Machiavelli,
My statement was carefully worded; your disingenuous attempt to muddy the waters is noted. The nature of the relationship between the Idaho Innocence Project and Ms. Knox was disclosed in a couple of news articles that appeared in Ireland in the spring of 2010. The point that everyone else should take note of is that there is no way for any DNA expert to perform a complete case review without all of the records. Why should Dr. Krane get involved if he cannot get everything he needs? A better question is why can't the prosecution cough them up.
If your statement was 'carefully worded', than it is also maliciously misleading (false), since it suggests that Dr. Hampikian and Dr. Krane had some contact with judges or opposing parties experts, which is false. The correct type of wording would necessarily require to make clear that Dr. Hampikian and Dr Krane never submitted nor forwarded any kind of instance to judges, magistrates or other parties experts; Dr. Hampikian and Dr. Krane hold no position in the trial, were never acknowledged as party experts by a court, so they could not be in a position of making a request to access records, nor of making requests of any kind.
Whether Dr. Krane doesn't feel he can decide if getting involved or not in the trial, it's his problem, not anyone else's problem. It works like that: wehn you are involved in a trial, you will be able to have some contact with judges, express some requests or submit requests, objections, reports, albeit this will only happen under the complete control of the defence team, with their consent or through them.
First, you decide whether you want to work for a defence team.
Then, you may have contacts, requests such accessing to records, observations, submissions. You do not review "evidence" and become an expert ex-post, especially when evidence is a judicial
event called incidente probatorio.
The nature of relationships between Idaho experts and defence lawyers may only be that of a private nature. Private citizens may discuss with lawyers as other private citizens, by doing this they won't have a relation with trial events.
As for acccessing investigation activities and evidence findings such as DNA tests, those acknowledged as party experts by the judge may take part to all operations, just bear in mind that, under the
incidente probatorio procedure, the activities directly accessible to defence experts were supposed to be closed by June 2008.

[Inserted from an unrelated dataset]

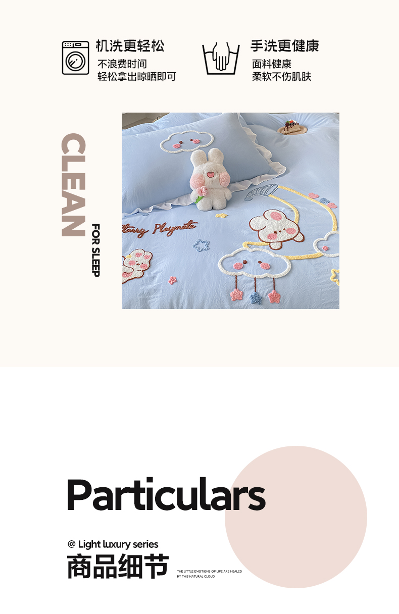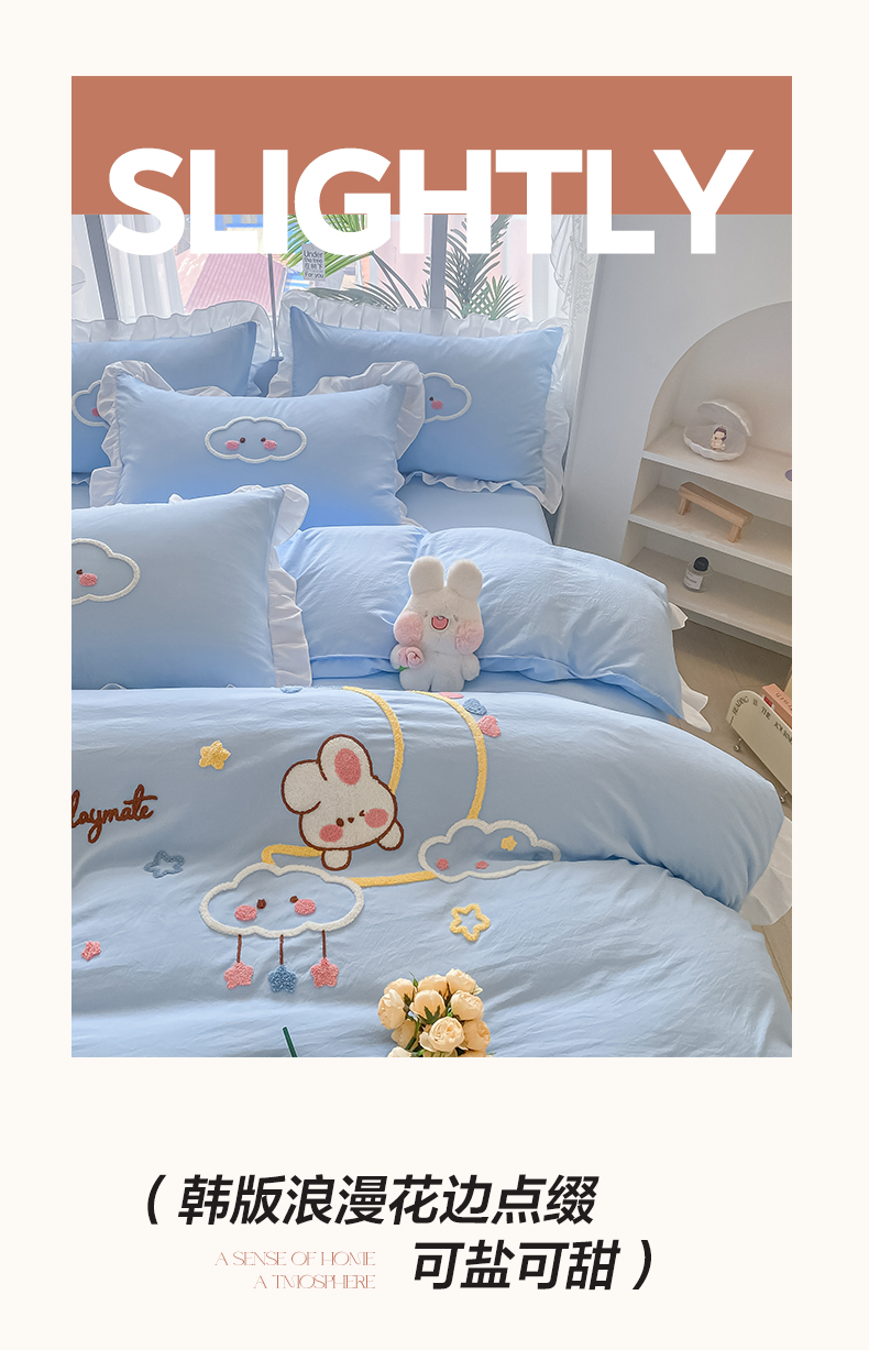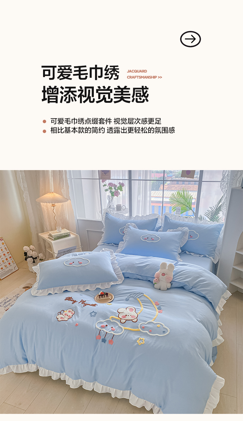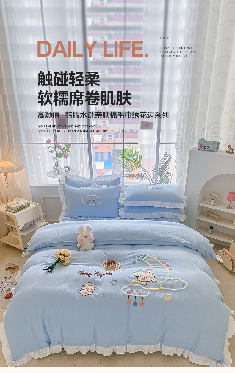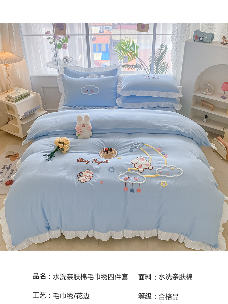 当前位置: 91家纺网 > 商品网购 > 床品套件 > 四件套 > 化纤活性四件套 > 易禾家纺 2024新款水洗棉毛巾绣晚安梦四件套专版花型 晚安梦-蓝

I suspect nobody here understands what
incidente probatorio means, what kind of event that is.
Look, my words do not muddy the waters, on the contrary, they indeed clarify them. It should be clear in advance that Dr. Hampikian and Dr. Krane will never be in a position of "reviewing the whole case". By the way they are not judges, they don't have understanding of the procedure, and the trial is over. Then they will also never have access to "all the records", they were never in a position of accessing trial records or making requests and they never did. The documentation they wish to access apparently has never entered the trial phase, not even the preliminary stage. The actual defence experts (such as Prof. Potenza) did not demand nor wish to access such records during the time when they had full access within the adversarial investigation procedure called in
incidente probatorio. The defence and their experts did not demand further laboratory data nor raised objections to judge Matteini or to judge Ricciarelli about the DNA tests. It is possible that the defence regrets all this (although I don't believe it) but the fact is the defence did not ask for the raw data not even later when they were before a preliminar judge (that is, Judge Micheli at the preliminary hearing). They did not requst such data not even in later submissions, not to the Supreme Court and not to the Appeal court. Maybe they decided very late that all this was regrettable (I don't believe this), yet they can't blame Sgtefanoni for this, they can't "use" their mistake as an argument against the accusation party, this won't be legally effective.
So such data that were not requested, not during the investigation while the
incidente probatorio was open, not during the preliminary hearing stage, not during the trial stage until the moment of that confuse oral request about raw data that was made by only one lawer in an unclear fashion at the end of the 2009 trial, and never forwarded again (in any submission, not even in the defence submissions to the Supreme Court nor in the Perugian appeal). This is what you have in the records.
Other ways to 'word' things are just attampt to change the trial facts, and thus to muddy the waters.